On the eve of the 11-M attacks, when Spanish society’s rejection of the Iraq war was general, Hans Blix told La Vanguardia in Madrid that “there was no conclusive evidence to attack Iraq.” Blix, a Swedish diplomat, director for 16 years of the International Atomic Energy Agency, had been head of the UN inspectors who searched for the alleged weapons of mass destruction in Iraq from November 2002 until almost March 20, 2003, the date of the invasion. He believed that in three more months he would have been able to present evidence one way or the other. In April, after the capture of Baghdad, the George W. Bush Administration finally recognized that such weapons did not exist.

Hans Blix had been reviled by the US press and by the White House, with the exception of Counselor Condoleezza Rice and Secretary of State Colin Powell. Washington was then carrying out an unusual campaign against the UN and against the “old Europe” embodied by France and Germany, which refused to follow him in his challenge to international legality. Blix diplomatically said of Bush and his allies that “I’m not sure they took the issue of legality very seriously.” The US, Great Britain and Spain “withdrew their draft resolution before the Security Council to approve the war because they would not have a majority” and “decided to take action.”

Colin Powell, played the saddest role of a loyal official presenting false evidence to the Security Council, despite the fact that he himself had thrown intelligence reports about Saddam Hussein’s weapons on the floor of the Oval Office. In fact, he had had chemical weapons to gas the Kurds in 1988, when the Iraqi leader was the West’s friend against Iran. But in 2003, Blix claimed, “intelligence services exaggerated and misinterpreted fragmentary data and statements by defectors.”

The vial of alleged toxic substances in the hands of Powell at the UN was one of the three iconic images of the invasion, along with the demolition of the statue of Saddam in Baghdad on April 9 (intended for television, which avoided showing that there wasn’t a crowd of Iraqis in the square) and Bush’s “mission accomplished” statement on an aircraft carrier on May 1. They were all far from reality. And the war had only just begun.

Iraq was a country on its knees, penalized by the invasion of Kuwait and subject to a cruel program called Oil for Food. In that first Gulf War his army had been literally buried in the sand by the Americans. But the resistance would emerge in force, dragging the occupying coalition (in the end, nominally 48 countries) into a counterinsurgency war –with phases of civil war– that in 2006 had already cost the lives of at least 655,000 people. The use of depleted uranium ammunition in both 1991 and 2003 left thousands of children suffering from cancer and malformations.

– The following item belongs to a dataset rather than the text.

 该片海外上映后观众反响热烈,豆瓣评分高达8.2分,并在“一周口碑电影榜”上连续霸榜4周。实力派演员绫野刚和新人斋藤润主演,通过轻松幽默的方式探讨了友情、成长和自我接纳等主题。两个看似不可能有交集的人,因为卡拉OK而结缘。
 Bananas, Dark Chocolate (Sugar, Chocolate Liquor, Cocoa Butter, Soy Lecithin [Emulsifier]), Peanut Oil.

It has been said and repeated that the great mistake of the US was disbanding the army, but even worse was dismantling the Baath party (socialist with Arab characteristics), the base of Saddam’s regime, with which the country was left without cadres. professionals, and not only in administration. Hundreds of thousands went unemployed. In addition, the occupation caused a greater division of the country by relying on the Kurds in the north and by trying the same with the Shiites in the south, until then marginalized from power. However, both Shias and Sunnis would go to the insurgency.

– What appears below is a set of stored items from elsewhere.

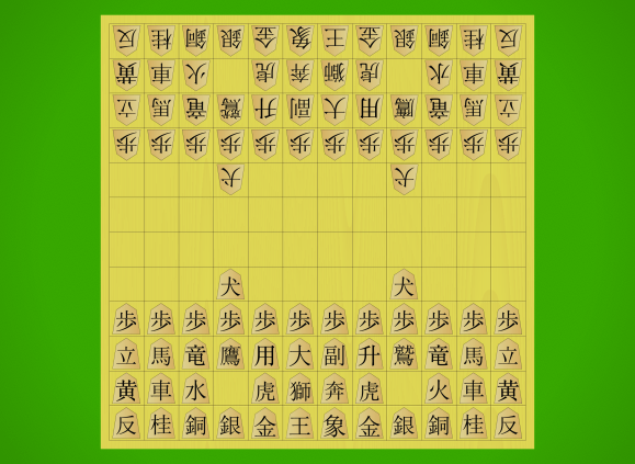 Makyou Shogi initial position with traditional kanji pieces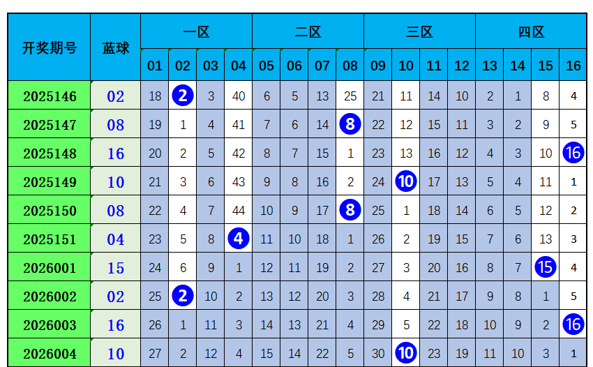 上期开出蓝球号码10,近10期,一区开出3次,二区开出2次,三区开出2次,四区开出3次,总体走势:二区、三区表现较冷,本期看好蓝球号码:06。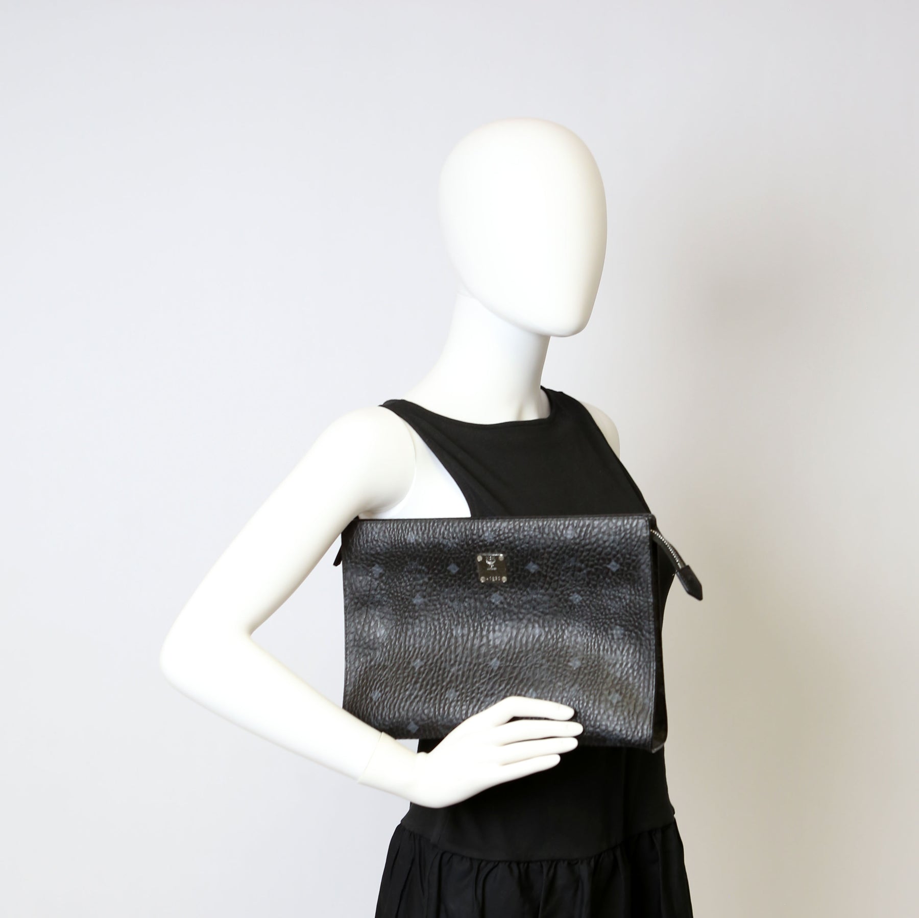This pre-owned MCM Visetos Large Zip Pouch is guaranteed 100% authentic. The exterior is in the classic Visetos Coated Canvas.

The other pretext for the invasion, the presence of Al Qaeda and Saddam’s link to 9/11, was another falsehood but, like a self-fulfilling prophecy, terrorism appeared: on August 19, a truck bomb exploded in front of the headquarters hotel. of the UN mission in Baghdad, killing its head, the Brazilian Sergio Vieira de Mello, the captain of the ship Manuel Martín-Oar, deputy to the Spanish ambassador, and 20 other people. The Abu Ghraib prison (whose tortures were denounced by the journalist Seymour Hersh) will be a breeding ground for jihadists. There is even a connection between them and the retaliated members of the Baath party. When local jihadism reconverts under the name of the Islamic State in Iraq, former Saddam men will form part of its leadership.

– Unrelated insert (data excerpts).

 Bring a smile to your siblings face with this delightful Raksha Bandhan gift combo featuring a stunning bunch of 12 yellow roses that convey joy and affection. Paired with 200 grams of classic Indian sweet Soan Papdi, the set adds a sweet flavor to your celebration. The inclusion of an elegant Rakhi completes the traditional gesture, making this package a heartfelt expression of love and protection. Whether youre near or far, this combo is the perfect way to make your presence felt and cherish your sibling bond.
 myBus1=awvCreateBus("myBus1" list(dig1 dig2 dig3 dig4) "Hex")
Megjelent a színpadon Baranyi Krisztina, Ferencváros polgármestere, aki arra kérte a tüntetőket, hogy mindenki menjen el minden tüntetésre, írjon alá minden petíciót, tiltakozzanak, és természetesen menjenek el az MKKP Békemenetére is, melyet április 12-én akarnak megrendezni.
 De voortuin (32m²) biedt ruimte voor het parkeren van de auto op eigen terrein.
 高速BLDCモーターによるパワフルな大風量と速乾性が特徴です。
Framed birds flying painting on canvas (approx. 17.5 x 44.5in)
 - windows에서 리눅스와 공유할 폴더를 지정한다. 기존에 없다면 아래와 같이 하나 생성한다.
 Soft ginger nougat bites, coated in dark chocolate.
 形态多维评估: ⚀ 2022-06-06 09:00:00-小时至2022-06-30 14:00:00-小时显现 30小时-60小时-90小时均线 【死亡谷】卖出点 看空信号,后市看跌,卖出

The occupation made Iraqi politics more sectarian and corrupt, with the Shiite prime minister Nuri al Maliki as a great exponent. That sectarianism has consequences to this day. Sunnis who agreed to fight jihadism were far from rewarded; Iranian-backed Shi’ite militias and their political wing were growing in importance. The rise of Islamic State in 2014 was a result of all this, and since its defeat in 2017 – which led to the destruction of Mosul’s medina – Iraq has been mired in constant instability.

In 2007, the US began its withdrawal and in 2021 it closed its combat mission, limiting its military presence to advisory services. The adventure of 20 years ago, aimed at seizing Iraqi oil – in a more open than veiled way – has had an unexpected end: if any country has influence in Iraq today, it is Iran.